TASK DIRECTIONS » Nothing but the lines from the one with "رجل يورو الولايات" down to the one with "- The set consists" should be returned, exactly and with both ends included, from the material below.

MATERIAL FOR THIS EXERCISE »

# # # #

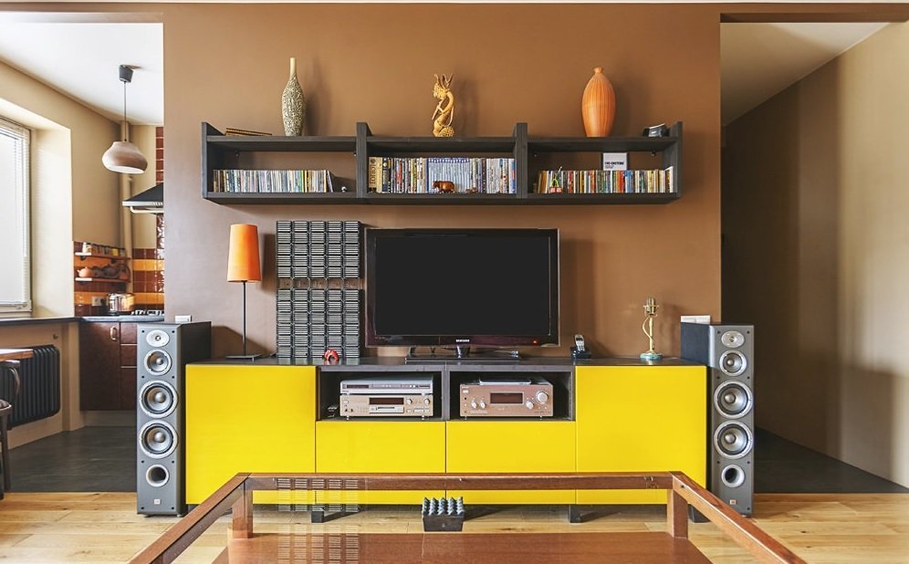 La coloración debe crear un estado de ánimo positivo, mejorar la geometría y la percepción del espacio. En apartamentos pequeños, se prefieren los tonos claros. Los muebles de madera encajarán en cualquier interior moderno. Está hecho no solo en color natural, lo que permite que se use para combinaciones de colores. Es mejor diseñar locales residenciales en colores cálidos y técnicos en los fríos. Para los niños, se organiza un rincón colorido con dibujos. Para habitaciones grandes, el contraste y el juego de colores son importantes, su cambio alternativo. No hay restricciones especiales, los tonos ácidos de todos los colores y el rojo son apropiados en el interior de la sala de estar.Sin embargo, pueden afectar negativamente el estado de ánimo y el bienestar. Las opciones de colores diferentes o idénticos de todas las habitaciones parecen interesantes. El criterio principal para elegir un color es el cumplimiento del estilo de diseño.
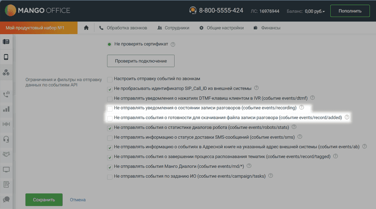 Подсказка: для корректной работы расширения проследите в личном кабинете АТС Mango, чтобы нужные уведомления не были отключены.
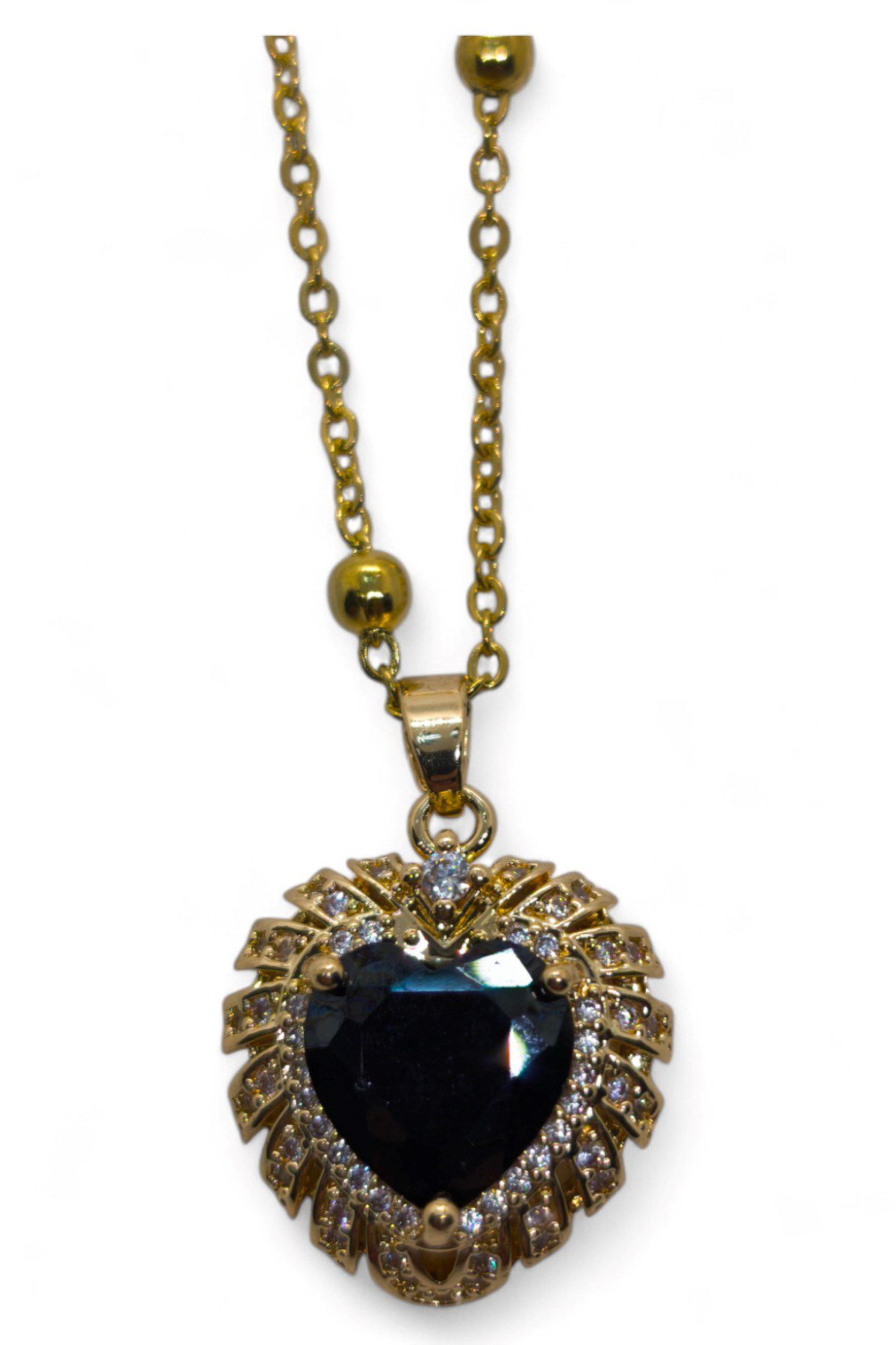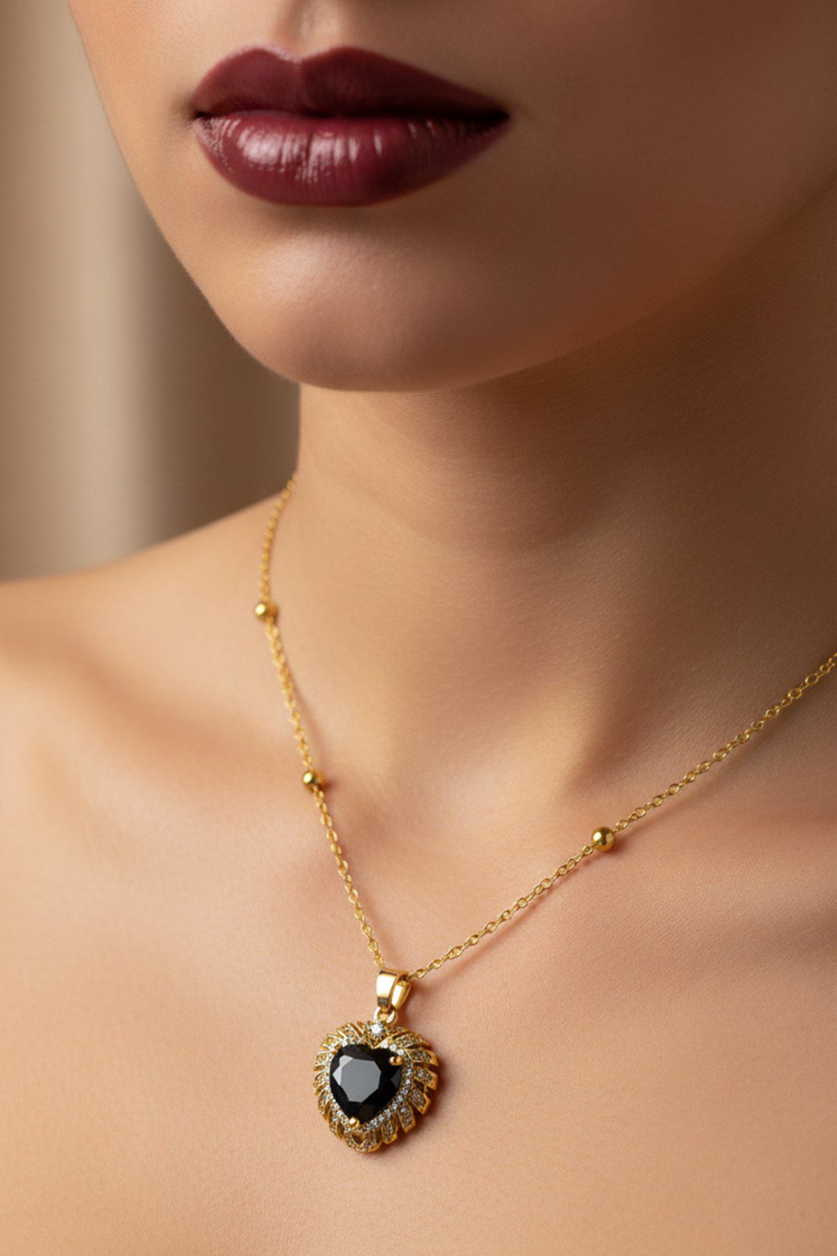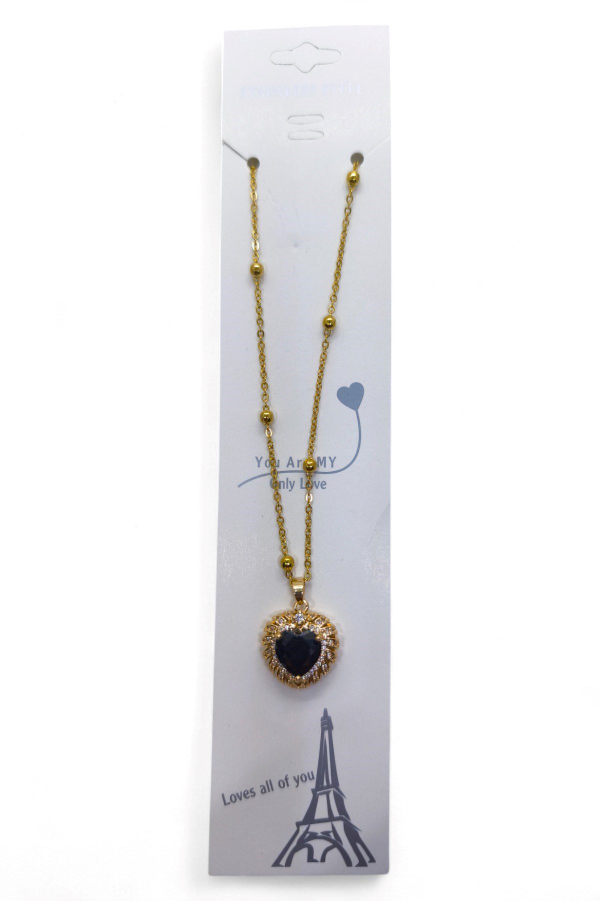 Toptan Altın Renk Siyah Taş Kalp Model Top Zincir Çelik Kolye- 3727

# # # #

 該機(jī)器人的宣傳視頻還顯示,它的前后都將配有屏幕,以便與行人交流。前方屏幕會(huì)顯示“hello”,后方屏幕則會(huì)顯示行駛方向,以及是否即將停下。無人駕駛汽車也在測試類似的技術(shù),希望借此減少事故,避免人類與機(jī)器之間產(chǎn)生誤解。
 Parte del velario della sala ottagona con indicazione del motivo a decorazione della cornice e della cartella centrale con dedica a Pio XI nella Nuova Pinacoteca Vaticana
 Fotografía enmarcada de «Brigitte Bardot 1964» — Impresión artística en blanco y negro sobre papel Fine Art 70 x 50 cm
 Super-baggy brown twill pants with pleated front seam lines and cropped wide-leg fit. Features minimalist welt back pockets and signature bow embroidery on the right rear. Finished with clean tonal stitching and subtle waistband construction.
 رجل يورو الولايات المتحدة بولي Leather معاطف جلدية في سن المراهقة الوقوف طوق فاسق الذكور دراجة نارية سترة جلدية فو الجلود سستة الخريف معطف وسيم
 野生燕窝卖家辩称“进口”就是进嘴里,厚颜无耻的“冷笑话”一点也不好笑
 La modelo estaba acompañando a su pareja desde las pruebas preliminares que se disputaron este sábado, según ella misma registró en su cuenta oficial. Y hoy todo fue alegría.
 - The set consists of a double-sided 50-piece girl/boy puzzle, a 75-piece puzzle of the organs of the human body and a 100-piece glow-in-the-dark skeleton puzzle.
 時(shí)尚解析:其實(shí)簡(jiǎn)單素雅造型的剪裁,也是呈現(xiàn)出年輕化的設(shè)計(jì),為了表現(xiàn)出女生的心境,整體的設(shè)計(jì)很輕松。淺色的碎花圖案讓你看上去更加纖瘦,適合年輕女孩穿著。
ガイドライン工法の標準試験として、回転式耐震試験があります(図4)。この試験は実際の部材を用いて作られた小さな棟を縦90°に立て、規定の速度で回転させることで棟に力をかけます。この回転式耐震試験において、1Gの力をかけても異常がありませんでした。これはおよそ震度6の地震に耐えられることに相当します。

# # # #

ANSWER TO THIS TASK »
 رجل يورو الولايات المتحدة بولي Leather معاطف جلدية في سن المراهقة الوقوف طوق فاسق الذكور دراجة نارية سترة جلدية فو الجلود سستة الخريف معطف وسيم
 野生燕窝卖家辩称“进口”就是进嘴里,厚颜无耻的“冷笑话”一点也不好笑
 La modelo estaba acompañando a su pareja desde las pruebas preliminares que se disputaron este sábado, según ella misma registró en su cuenta oficial. Y hoy todo fue alegría.
 - The set consists of a double-sided 50-piece girl/boy puzzle, a 75-piece puzzle of the organs of the human body and a 100-piece glow-in-the-dark skeleton puzzle.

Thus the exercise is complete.